I can picture the stream running again keeping time with that heart of yours. Well done Brock, I won't ask.


----------



## Brock (Mar 20, 2014)

Erased


----------



## Pandora (Mar 20, 2014)

Brock said:


> Thanks, Pandora.  We share a short-lived past.  She pulled away with no explanation at the time, and it seems as if she has again.  There have been a few women that have tried connecting with me since I split with my wife, but the thought of connecting with anyone didn't even remotely appeal to me... until I connected with this woman via FB.  Besides sending her the friend request, for the most part I followed her lead.  She would tell me she woke up in the mornings missing me... but again she's pulled away with no explanation... short, too-the-point texts with nothing behind them.  I don't understand what it is about her.  She's beautiful but it's not that.  She's far from being the only beautiful woman that's walked in to my life.  I've only been in contact with her for a few weeks and my heart is broke, but I would never let on.  No woman has ever had that effect on me.  I need to man up.  It is what it is... not meant to be.

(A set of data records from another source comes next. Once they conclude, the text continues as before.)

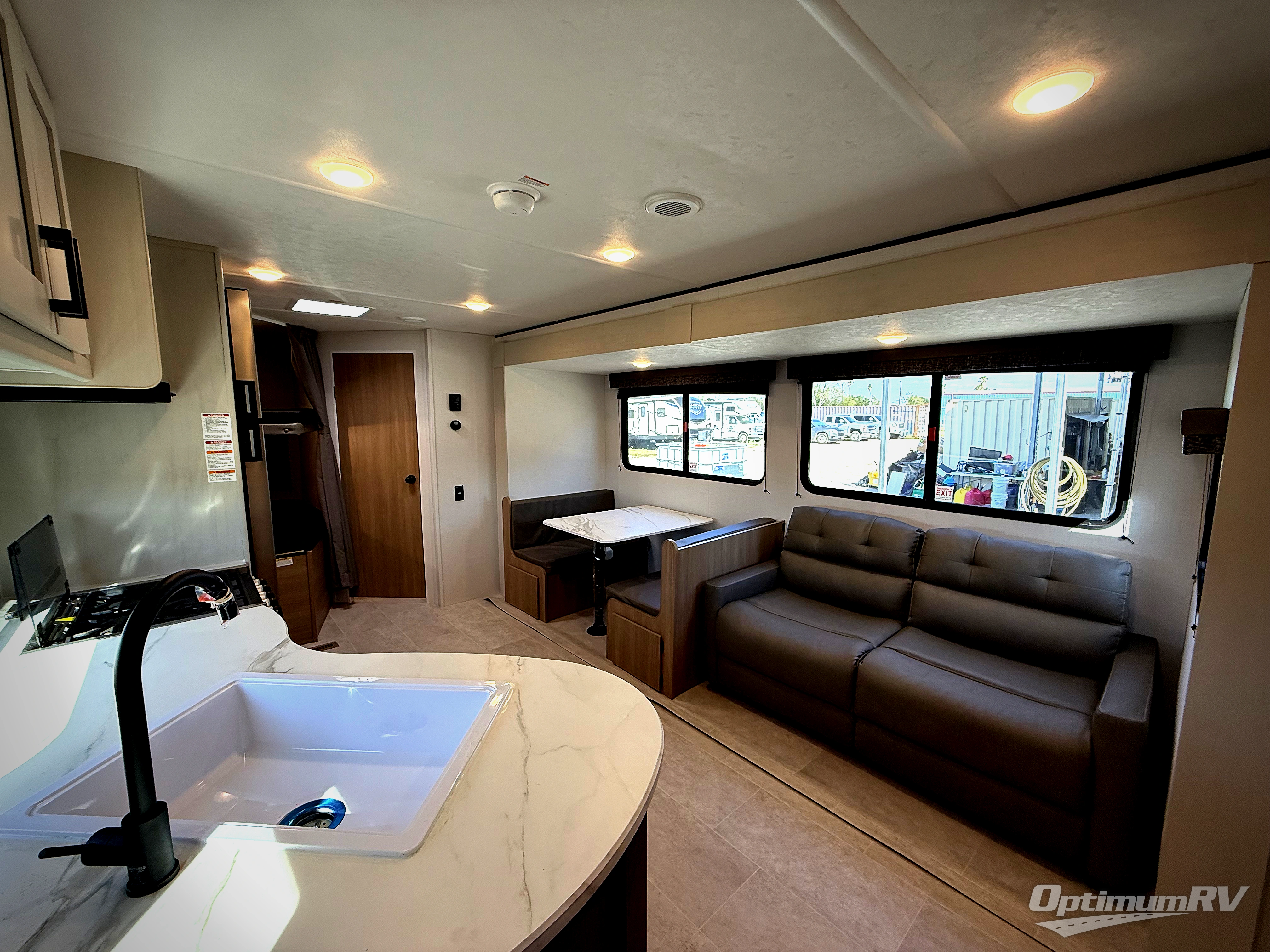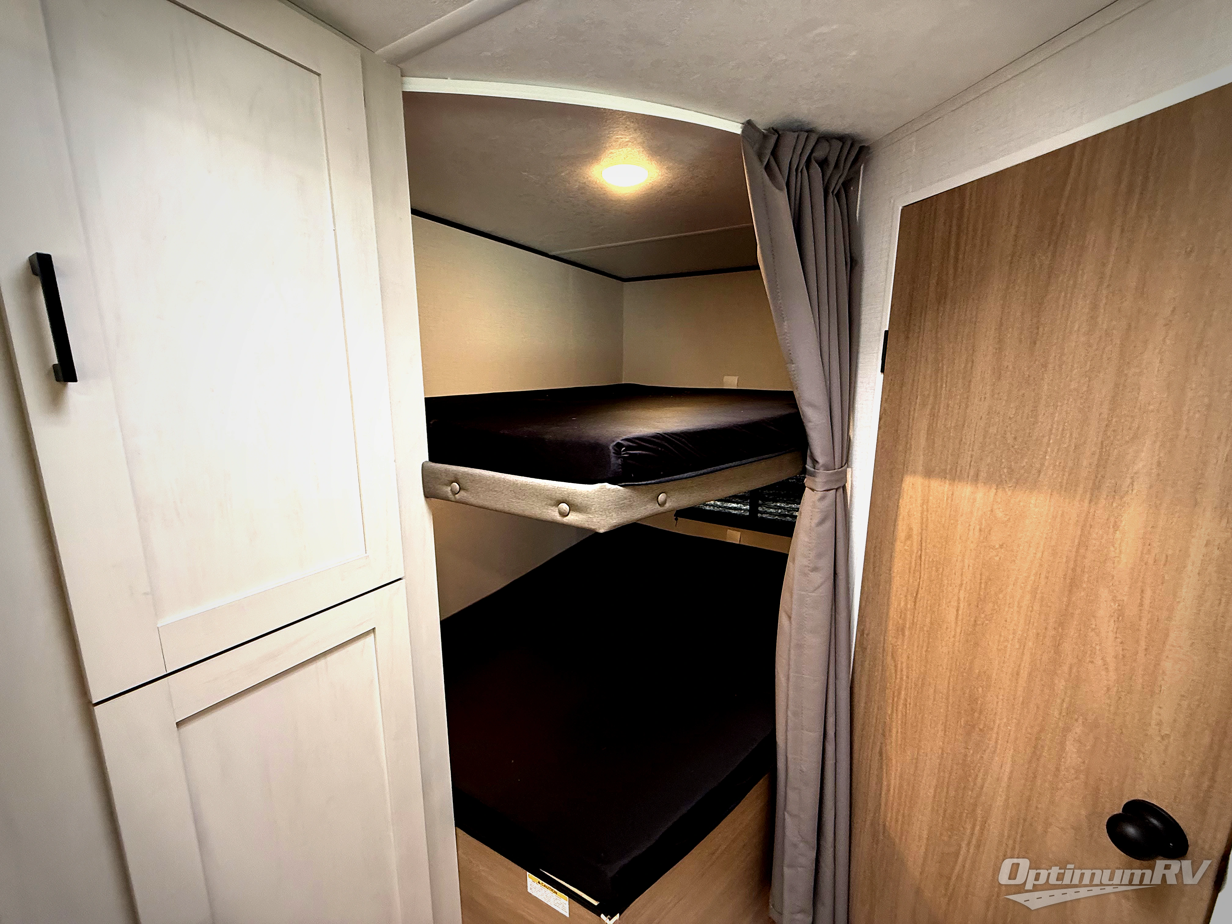 Get ready for fun and relaxation at the campgrounds with this trailer in your campsite. You can fish in the river, hike the trails and relax under the power awning before heading inside to enjoy the comforts of home. You will also enjoy having double access to the private bedroom which offers a residential queen bed and dual closets, plus the full bathroom will keep you refreshed after outdoor fun. The double-size bunks offer sleeping for four, and the furniture doubles as extra sleeping space. The cook will have full amenities including a 10 cu. ft. 12V refrigerator to store lots of cold items. And the large slide gives everyone more floor space.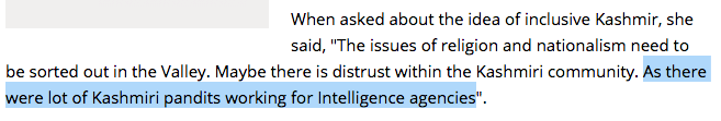 She was promoting her book The Many Faces of Kashmiri Nationalism (2015). While on one hand she likes to sell the idea that Islamic terrorism is an aberration in the Majority community, on the other hand, she claims Kashmiri Pandits were working for intelligence agencies. She does not even say that Majority community assumed that Kashmiri pandits were working for intelligence agencies hence there is a distrust between two, no, she claims “As there were a lot of Kashmiri pandits working for intelligence agencies”.
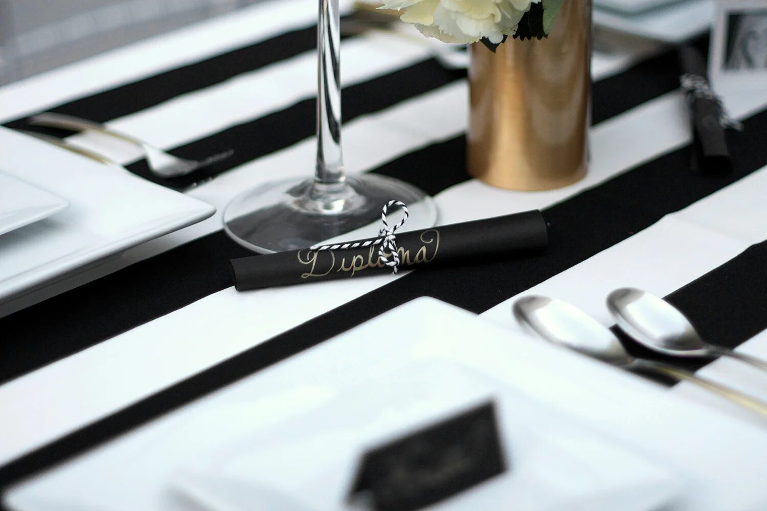- Mini diploma favors made with black construction paper, twine, and a gold paint pen

Thank you for sharing Brock, I didn't ask hoping it was not your ex. You know I am a believer in meant to be, unfortunately 
that goes hand in hand with time will tell, we just can't see so far. One could only guess the whys of this beautiful lady, 
perhaps you could ask and you both might see she doesn't know why. 
If two are too afraid to fight for love, love hasn't a chance. A broke heart has a voice, use your talent, 
whatcha got to lose?  I'm not the only woman who loves sweet and true, keeper qualities.


----------



## Brock (Mar 21, 2014)

Erased


----------



## Pandora (Mar 21, 2014)

I return to your poem and I still picture the stream flowing again and your avatar speaks to the hope and wonder in that. Oh children, fearless in love,
the need so strong, no fears. It's been a lifetime for me to remember rekindling or new love but I will say insecurities and fears run rampant in the newness
 that only time and trust removes. I wish you had the time together to take a chance and build the trust. Now who is the hopeless romantic? 
it's the only way to live, yes? Brock. 

P. S. You got the talent to put on paper what many men could only wish for. Heart on paper, sweet and true.


----------



## Brock (Mar 21, 2014)

Edit


----------



## Pandora (Mar 21, 2014)

Brock said:


> Thank you Pandora.  I'm a hopeless romantic by night, man's man by day.  It's not a part of myself I let be known to anyone really.  My ex is not this way.  It was frustrating because I felt caged and wanted to let it out.
> 
> This woman and I would text of imaginary trips.  We went to Rome.  It was such a breath of fresh air during an extremely stressful time in my life... and hers.
> 
> ...


I've lived my life now with a man, I have noticed that men often have a different idea of romance. Your poem, beautifully erotic
but does it speak of only physical attraction and admiration? Beautiful women certainly might tire and even distrust attention centered around
that. They may crave the refreshing romance that is not expressed in physical moments but in the simple, caring, unselfishness of a friend's love.

Passion always has it's place, two uniting and satisfying physical needs, a closeness that is undeniably wonderful but romance touches the heart
in familiarity, in remembrance, in the slight touch of a hand. I wonder if a memory you hold precious could be a gift to your friend. A non physical
moment that stays a lifetime. That is a touch of romance she may like, one she may cherish as well. One that may tell her this could be lasting love
based in friendship. 

I am old fashioned, haven't dated in over 35 years, yikes, you can ignore me Brock. I thought the images in Pacific Dream were beautiful.
I thought it was hot, hot, hot! I can tell, smitten you are, which every man longs for. Every woman longs for that secure feeling that she will be loved
for her inner beauty. A man who gets that and lets her know, is romantic. I bet you can, take the physical out and keep the tenderness, might work.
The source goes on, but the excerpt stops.